[The records — start]
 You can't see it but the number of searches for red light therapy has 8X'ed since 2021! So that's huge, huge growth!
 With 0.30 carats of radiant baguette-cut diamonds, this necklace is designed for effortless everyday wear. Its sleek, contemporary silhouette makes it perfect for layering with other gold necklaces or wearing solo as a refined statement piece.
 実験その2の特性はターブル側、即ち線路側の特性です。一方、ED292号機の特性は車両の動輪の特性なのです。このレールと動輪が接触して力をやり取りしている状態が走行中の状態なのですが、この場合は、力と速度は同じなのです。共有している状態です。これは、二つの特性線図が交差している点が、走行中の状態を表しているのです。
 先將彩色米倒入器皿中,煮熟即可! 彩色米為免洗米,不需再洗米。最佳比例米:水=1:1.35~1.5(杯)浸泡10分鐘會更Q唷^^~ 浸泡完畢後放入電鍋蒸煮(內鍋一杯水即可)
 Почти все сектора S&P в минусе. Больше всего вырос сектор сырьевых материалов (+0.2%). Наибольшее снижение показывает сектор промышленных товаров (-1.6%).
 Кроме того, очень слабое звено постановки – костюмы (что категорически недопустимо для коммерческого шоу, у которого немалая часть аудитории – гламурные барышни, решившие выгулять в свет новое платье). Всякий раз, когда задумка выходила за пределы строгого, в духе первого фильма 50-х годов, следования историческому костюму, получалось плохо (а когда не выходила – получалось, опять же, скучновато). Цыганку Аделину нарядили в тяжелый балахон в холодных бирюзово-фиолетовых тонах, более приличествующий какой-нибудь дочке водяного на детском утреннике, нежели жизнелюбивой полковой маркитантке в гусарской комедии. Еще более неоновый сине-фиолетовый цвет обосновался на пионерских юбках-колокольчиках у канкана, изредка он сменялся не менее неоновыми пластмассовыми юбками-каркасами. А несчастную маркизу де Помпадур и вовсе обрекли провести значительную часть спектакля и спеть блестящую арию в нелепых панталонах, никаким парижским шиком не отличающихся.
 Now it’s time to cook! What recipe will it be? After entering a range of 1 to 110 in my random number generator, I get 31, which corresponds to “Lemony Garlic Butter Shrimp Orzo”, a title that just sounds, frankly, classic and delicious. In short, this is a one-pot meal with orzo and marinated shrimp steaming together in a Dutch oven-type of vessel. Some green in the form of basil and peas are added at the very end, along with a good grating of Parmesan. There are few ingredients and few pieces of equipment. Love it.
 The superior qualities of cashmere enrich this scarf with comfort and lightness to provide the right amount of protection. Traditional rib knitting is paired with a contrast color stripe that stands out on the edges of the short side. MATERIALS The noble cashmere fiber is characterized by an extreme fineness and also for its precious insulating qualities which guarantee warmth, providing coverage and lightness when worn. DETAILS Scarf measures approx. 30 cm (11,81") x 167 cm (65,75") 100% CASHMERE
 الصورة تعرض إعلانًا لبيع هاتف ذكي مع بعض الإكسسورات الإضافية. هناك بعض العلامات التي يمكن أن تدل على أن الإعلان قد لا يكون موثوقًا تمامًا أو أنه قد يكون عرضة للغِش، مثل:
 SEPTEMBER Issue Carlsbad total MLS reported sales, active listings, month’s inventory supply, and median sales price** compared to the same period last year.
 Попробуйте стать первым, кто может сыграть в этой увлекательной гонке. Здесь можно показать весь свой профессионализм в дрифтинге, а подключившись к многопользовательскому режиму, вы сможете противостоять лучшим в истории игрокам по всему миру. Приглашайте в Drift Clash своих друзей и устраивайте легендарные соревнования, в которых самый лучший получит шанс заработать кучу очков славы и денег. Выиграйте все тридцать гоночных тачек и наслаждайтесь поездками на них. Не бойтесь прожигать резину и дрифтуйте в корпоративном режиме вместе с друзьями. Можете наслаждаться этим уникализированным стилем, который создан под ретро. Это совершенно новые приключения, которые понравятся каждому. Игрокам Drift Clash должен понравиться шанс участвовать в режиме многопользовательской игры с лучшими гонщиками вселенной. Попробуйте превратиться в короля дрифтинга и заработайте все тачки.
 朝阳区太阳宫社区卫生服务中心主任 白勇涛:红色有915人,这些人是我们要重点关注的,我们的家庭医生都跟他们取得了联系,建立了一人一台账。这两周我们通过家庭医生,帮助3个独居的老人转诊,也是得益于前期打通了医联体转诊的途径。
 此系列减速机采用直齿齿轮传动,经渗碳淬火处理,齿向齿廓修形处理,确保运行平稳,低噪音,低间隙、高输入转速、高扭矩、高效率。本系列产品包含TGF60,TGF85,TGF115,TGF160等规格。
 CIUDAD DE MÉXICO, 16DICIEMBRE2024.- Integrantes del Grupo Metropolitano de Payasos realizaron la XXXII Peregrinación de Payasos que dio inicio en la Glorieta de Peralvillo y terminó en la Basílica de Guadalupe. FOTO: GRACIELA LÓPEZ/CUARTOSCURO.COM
[The records — finish]
• Task directions
Could you set down, word for word, only the lines above from the line with "Попробуйте стать первым, кто" to the line with "朝阳区太阳宫社区卫生服务中心", including both?

• Completed exercise
 Попробуйте стать первым, кто может сыграть в этой увлекательной гонке. Здесь можно показать весь свой профессионализм в дрифтинге, а подключившись к многопользовательскому режиму, вы сможете противостоять лучшим в истории игрокам по всему миру. Приглашайте в Drift Clash своих друзей и устраивайте легендарные соревнования, в которых самый лучший получит шанс заработать кучу очков славы и денег. Выиграйте все тридцать гоночных тачек и наслаждайтесь поездками на них. Не бойтесь прожигать резину и дрифтуйте в корпоративном режиме вместе с друзьями. Можете наслаждаться этим уникализированным стилем, который создан под ретро. Это совершенно новые приключения, которые понравятся каждому. Игрокам Drift Clash должен понравиться шанс участвовать в режиме многопользовательской игры с лучшими гонщиками вселенной. Попробуйте превратиться в короля дрифтинга и заработайте все тачки.
 朝阳区太阳宫社区卫生服务中心主任 白勇涛:红色有915人,这些人是我们要重点关注的,我们的家庭医生都跟他们取得了联系,建立了一人一台账。这两周我们通过家庭医生,帮助3个独居的老人转诊,也是得益于前期打通了医联体转诊的途径。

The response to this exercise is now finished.